PDGFRA (Platelet-derived growth factor receptor alpha)
一行要約
PDGFRA は class III receptor tyrosine kinase で、PDGF をリガンドとして増殖・遊走・血管周皮細胞 / 線維芽細胞シグナルを駆動する。4q12 amplicon (KIT / KDR と隣接) の増幅や活性化変異 (GIST の D842V、神経膠腫の融合・変異) で oncogenic となる。肺癌では低頻度ながら扁平上皮癌等で増幅が報告され、腫瘍微小環境では stroma / CAF / 血管新生を介して進展と治療抵抗性に関与する。
主要エビデンス
- 肺扁平上皮癌の標的候補: 個別化治療の文脈で PDGFRA を含む RTK 増幅が LSCC の potential target として論じられる (Kim et al. LungCancer 2013)
- driver-other NSCLC の景観: MET 等とともに RTK 異常の一つとして PDGFRA が記述 (Wong et al. LungCancer 2021)

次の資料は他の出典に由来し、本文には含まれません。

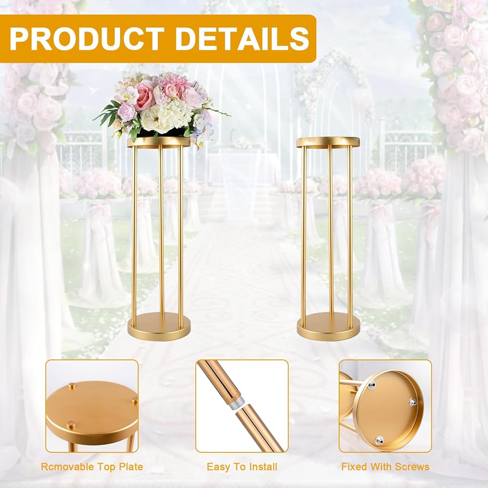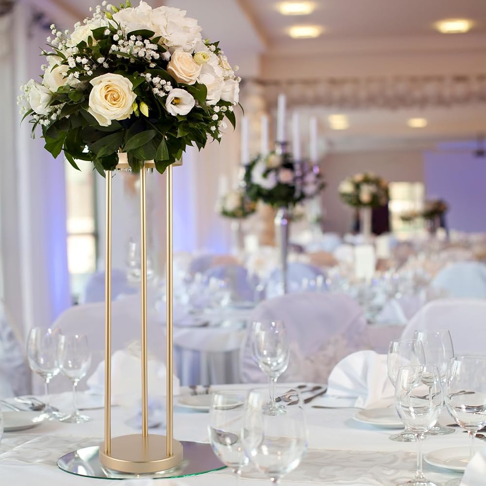 الحجم المناسب: تتميز مزهرية الزهور ذات العمود الذهبي بقاعدة دائرية ذهبية وأعلى، ويبلغ قطرها 7.87 بوصة/20 سم، ويبلغ ارتفاع العمود المعدني حوالي 31.5 بوصة/80 سم. الحجم الصحيح يجعل من السهل أن تصبح عينًا اصطياد نقطة محورية.
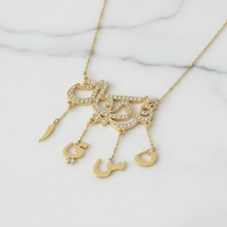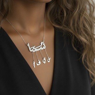 Features 3 to 6 names in Arabic or English script (size from 2-2.5 cm in width). Standard length 40-42 cm (customizable). A beautiful and sentimental piece.
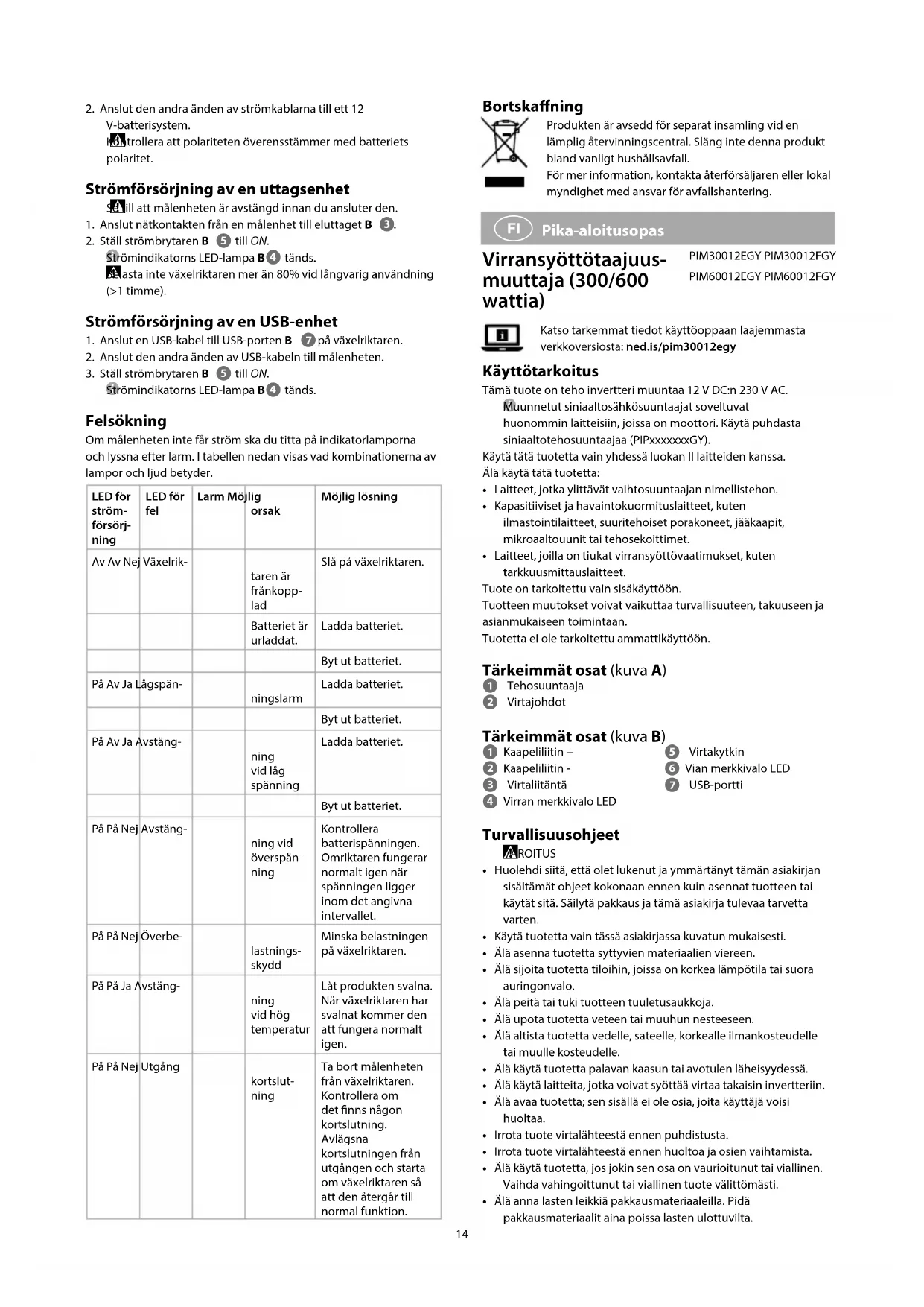 Pika-aloitusopas Virransyöttötaajuus- muuttaja (300/600 wattia) PIM30012EGY PIM30012FGY PIM60012EGY PIM60012FGYKatso tarkemmat tiedot käyttöoppaan laajemmasta verkkoversiosta: ned.is/pim30012egy Käyttötarkoitus Tämä tuote on teho invertteri muuntaa 12 V DC:n 230 V AC. Muunnetut siniaaltosähkösuuntaajat soveltuvat huonommin laitteisiin, joissa on moottori. Käytä puhdasta siniaaltotehosuuntaajaa (PIPxxxxxxxGY).Käytä tätä tuotetta vain yhdessä luokan II laitteiden kanssa.Älä käytä tätä tuotetta:• Laitteet, jotka ylittävät vaihtosuuntaajan nimellistehon.• Kapasitiiviset ja havaintokuormituslaitteet, kuten ilmastointilaitteet, suuritehoiset porakoneet, jääkaapit, mikroaaltouunit tai tehosekoittimet.• Laitteet, joilla on tiukat virransyöttövaatimukset, kuten tarkkuusmittauslaitteet.Tuote on tarkoitettu vain sisäkäyttöön.Tuotteen muutokset voivat vaikuttaa turvallisuuteen, takuuseen ja asianmukaiseen toimintaan.Tuotetta ei ole tarkoitettu ammattikäyttöön. Tärkeimmät osat (kuva A) 1 Tehosuuntaaja2 Virtajohdot Tärkeimmät osat (kuva B) 1 Kaapeliliitin +2 Kaapeliliitin -3 Virtaliitäntä4 Virran merkkivalo LED5 Virtakytkin6 Vian merkkivalo LED7 USB-portti Turvallisuusohjeet
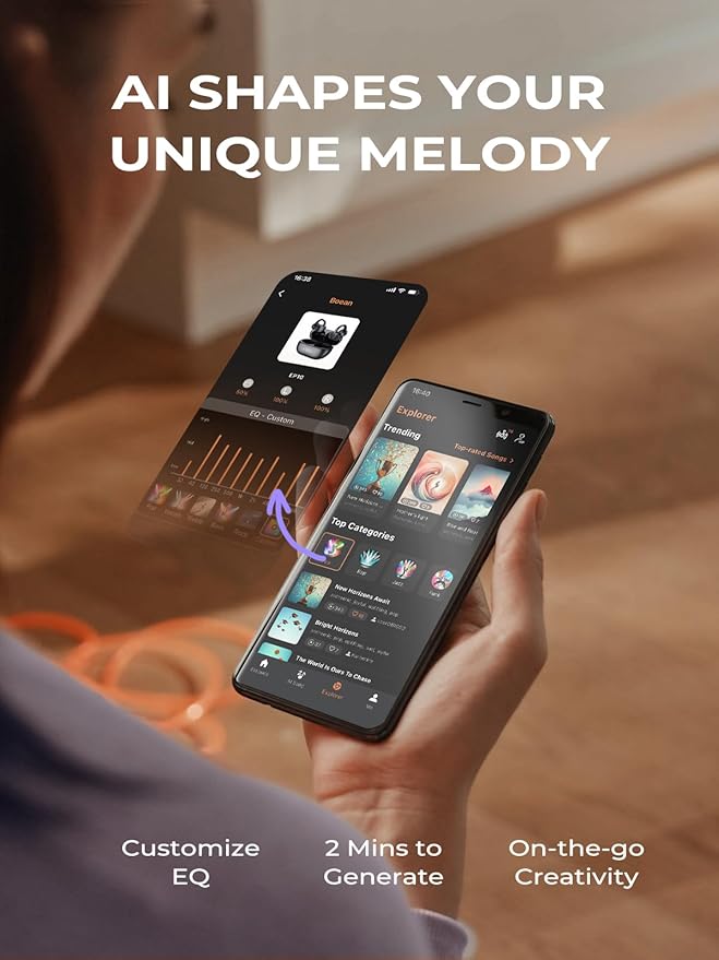 - 【Revolutionary Boean AI Music Generation】Unleash your creativity with our advanced Boean AI music generation app! Regardless of your musical background, you can transform your mood, style preferences, or ideas into original music in just 2 minutes. Additionally, the Boean APP supports customizing your favorite EQ modes, allowing you to accurately enjoy various vocal genres such as jazz, blues, and classical music. Let’s start your own music festival with the EP10

- EV / シグナル伝達の文脈: 腫瘍由来 EV を介した受容体型キナーゼシグナル伝播で PDGFRA が言及 (Pavlyukov et al. CancerCell 2018)
メカニズム
PDGFRA は 5 個の細胞外 Ig-like ドメイン、単一膜貫通領域、分割された細胞内チロシンキナーゼドメインを持つ。PDGF (AA / AB / BB / CC) 二量体の結合で受容体が二量体化し、活性化ループの自己リン酸化を経て PI3K-AKT、RAS-MAPK、PLCγ、STAT 経路を活性化する。oncogenic 化は (1) 4q12 増幅による過剰発現、(2) キナーゼドメイン活性化変異 (GIST の exon 18 D842V)、(3) 融合 (FIP1L1-PDGFRA など好酸球増多症候群) による ligand 非依存的活性化で起こる。腫瘍間質では PDGFRA+ 線維芽細胞 / 周皮細胞が血管新生・desmoplasia・薬剤到達性低下を介して治療抵抗性に寄与する。
臨床位置づけ
PDGFRA は GIST (imatinib 感受性変異と耐性の D842V → avapritinib) や FIP1L1-PDGFRA 陽性好酸球性疾患で確立した治療標的だが、肺癌では増幅頻度が低く単独の承認標的とはなっていない。NSCLC では multi-kinase TKI のオフターゲット作用や stroma 標的化の一環として関与し、PDGFRA 増幅 / 変異例は NGS で同定された場合に TKI 適用を個別検討する位置づけ。間質 PDGFR シグナルは抗血管新生 / 抗線維化戦略の標的としても探索される。